In the next six years, according to government records, another $1.1 million was spent just to ensure the old U.S. embassy on Wellington Street didn’t rot and fall over.
The point being: new governments are not afraid to throw the baby out with the bathwater, expense be damned, when it ain’t their baby.
Should we get a new federal government next week, there are two or three local projects that will almost certainly get a relook, a reboot, or a death sentence. It’s political life: there’s always another baby to be made, victory producing so many willing fathers.
With a new sheriff in town, the Memorial to the Victims of Communism is, surely, on death row. With the odd exception, people don’t like the site, are not much taken with the design, and were never persuaded by the original premise. In other words, why, why now, why this, why there?
Many candidates, save Conservatives, have made great hay opposing the project and the National Capital Commission leaves the impression it isn’t keen either, spending ample energy downsizing the scale so the accordion-shaped tribute doesn’t overpower its surroundings.
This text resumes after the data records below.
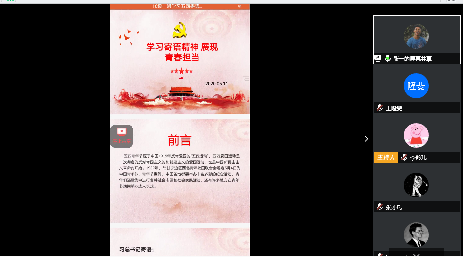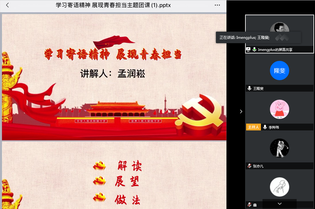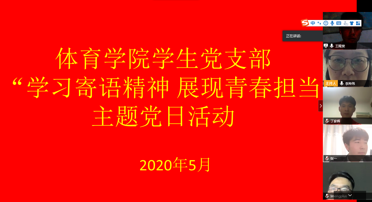 为进一步学习习近平总书记对青年的寄语精神,强化学生青春担当、激发党员的责任意识,落实支部党员帮扶机制,5月12日ng28娱乐官网 学生党支部举行了“学习寄语精神展现青春担当”主题线上党日活动,支部书记李羚玮老师、全体学生党员以及ng娱乐 各团支部的团干参与此次活动。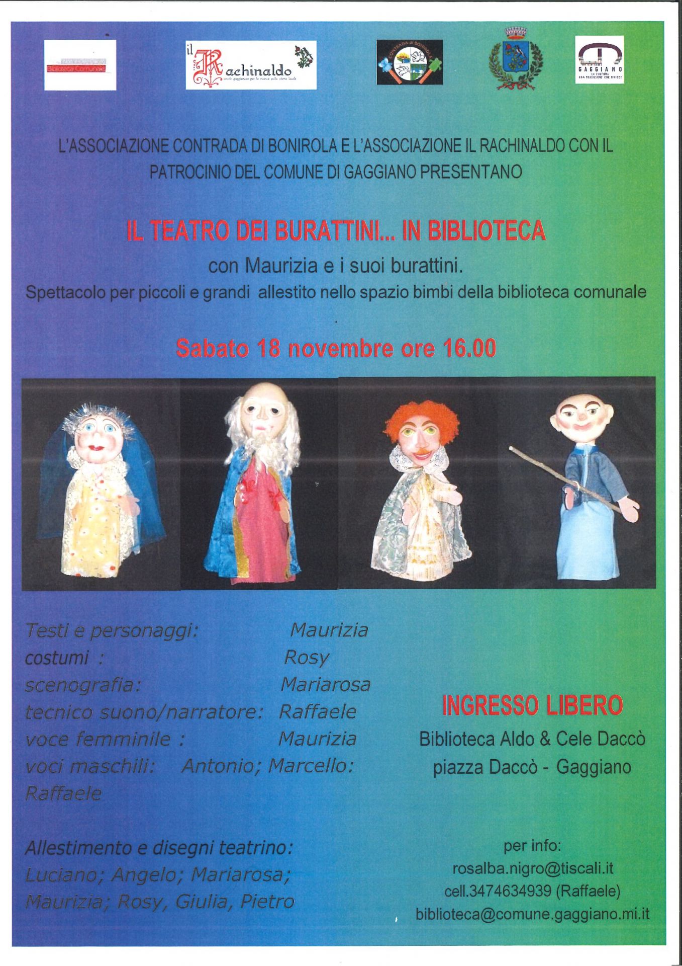 L'Associazione Il Rachinaldo propone uno spettacolo di burattini dal titolo "Storia dell'Ara bell'Ara" presso la Biblioteca Comunale Sabato 18 Novembre 2023 ore 16.00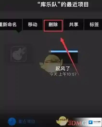 4、如果已经导出到库乐队APP中的话,需在进入库乐队删除。具体操作:先开库乐队点击并进入我的乐曲,后长按歌曲点击删除在库乐队中删除。

Just as the taxpayer share of the monument has jumped to an expected $4.2 million, site decontamination has been delayed and the final design is not expected to return to the NCC before its November board meetings. In other words, there are many ways to go sideways, if not right off a cliff.
In May, Veterans Affairs Minister Erin O’Toole announced the feds were planning two new military memorials — to the Afghanistan mission and Victoria Cross recipients — to be placed at Richmond Landing, behind the National Archives building on Wellington Street.
They were part of a new Military Memorial Route, to begin at the Cartier Drill Hall and end at the Canadian War Museum.
Hardly anyone knew a thing about the memorials or the route. Afghan vets, in particular, were upset there had been little consultation about the location, half-expecting the memorial was headed to another site. It is a touchy subject: 40,000 men and women served in the 12-year mission, and 158 died.
(A general observation about how Liberal governments treated the capital versus the Harper period: the Libs talked, the Tories told. Under Liberal supervision, we often saw issues discussed to death to achieve little — LeBreton Flats — while the Conservatives tended to just “announce” major change as a starting point for discussion.)
The Military Memorial route, one part of a three-phase plan, was supposed to undergo a round of public consultation. We’re told it’s still in the “stakeholder” phase and should go to the public soon. Veterans Affairs, meanwhile, says a design competition for the two memorials is in the planning stages.
Well, call me skeptical, but I doubt the monument to the Afghan mission ends up on Richmond Landing. It’s just the wrong location: the next set of MPs might agree; they’ll certainly want a look.
Speaking of “telling”, we arrive at the master, John Baird, the former MP, cabinet minister and NCC master. He just announced one day that the Civic campus of the Ottawa Hospital would be getting 60 acres of the Central Experimental Farm for a new home across Carling Avenue.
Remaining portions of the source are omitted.